Large corporations, unlike small businesses, do not constrain their ambitions in order to maintain respect and honor within a community.
Large corporations are not the major job creators; small businesses are. As the Small Business Admininstration noted in a 2010 report, “While small and large firms provide roughly equivalent shares of jobs, the major part of job generation and destruction takes place in the small firm sector, and small firms provide the greater share of net new jobs.”
Large corporations are, in fact, the nation’s major job exporters, not to mention all the money they launder overseas while avoiding domestic taxes. Yes Magazine recently put it this way:
“Between 2000 and 2009, U.S. transnational corporations, which employ roughly 20 percent of all U.S. workers, slashed their U.S. employment by 2.9 million even as they increased their overseas workforce by 2.4 million. ...
"A series of Kauffman Foundation studies find that nearly all job growth in the United States comes from entrepreneurial startups, which by their nature are products of Main Street. It is equally significant that more than 90 percent of the entrepreneurs responsible for job growth come from middle-class or the top end of lower-class backgrounds. Less than 1 percent of America’s job-creating entrepreneurs come from extremely rich or extremely poor backgrounds.”

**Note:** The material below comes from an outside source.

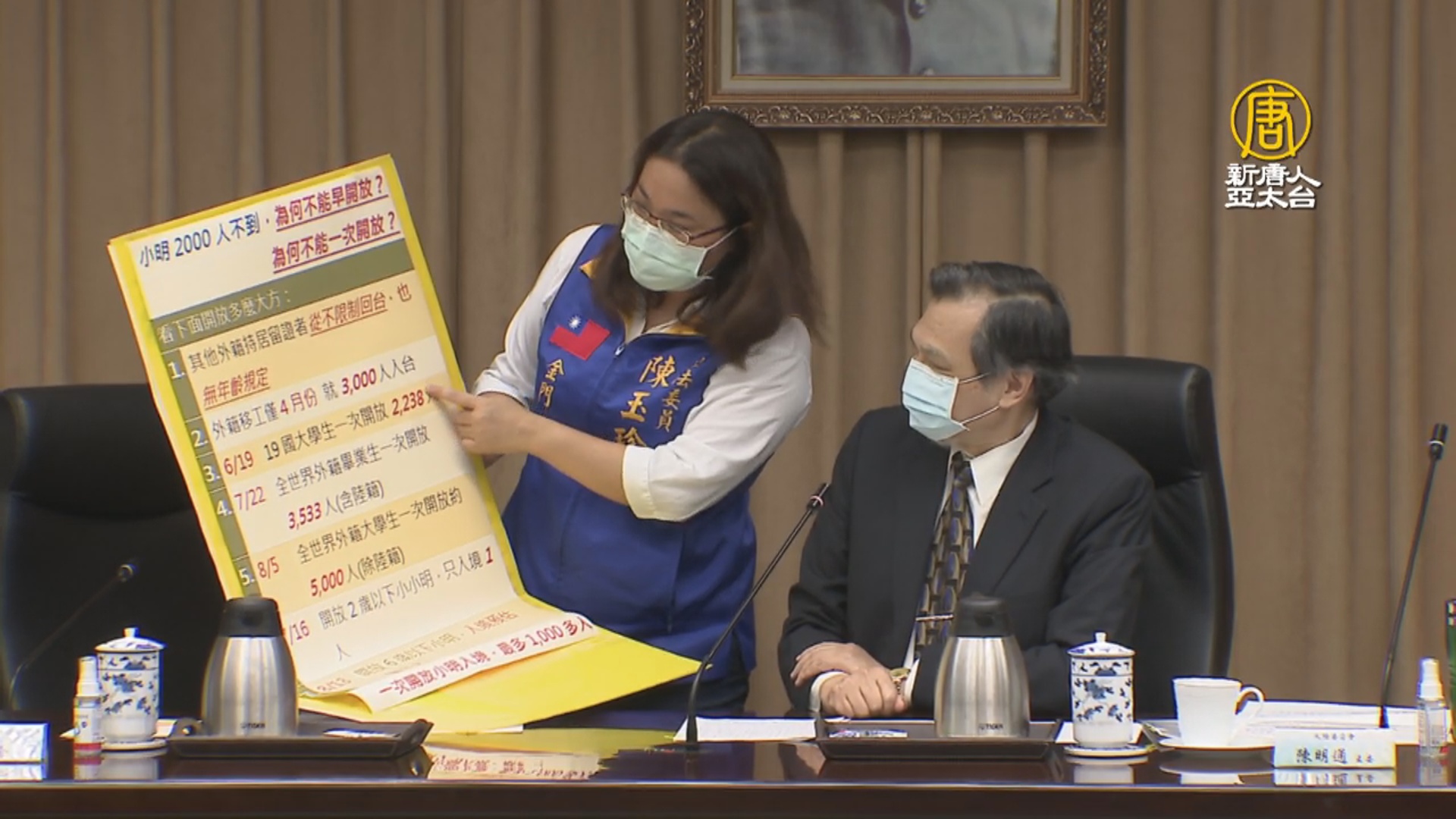 國民黨立委 陳玉珍:「(上次說)兩個禮拜後,政府還沒有規劃出一定時程那我兩個禮拜後會再來,我是希望政府要有明確規範出來,就是說什麼時候你要開放多少人,什麼時候要開放多少人。」

The carefully concealed truth is that Wall Street and corporate America hate free markets. That's why these welfare fathers keep tens of thousands of lobbyists in Washington -- to protect them from the random effects of the competition they so frequently extoll. That's why they invented welfare programs for multinationals such as GATT and NAFTA, and why they have their own branch of government -- the Federal Reserve -- to keep the economy working the way they want it.
The least free of all markets is to be found at the Pentagon, where defense contractors have become so dependent on their single customer -- the military -- that more than a few simply wouldn't know how to survive in normal business competition.
Generally speaking, the smaller the business the more it resembles the great myths of capitalism. If you want to find out what free enterprise is really about talk to a street vendor and not a Fortune 500 executive.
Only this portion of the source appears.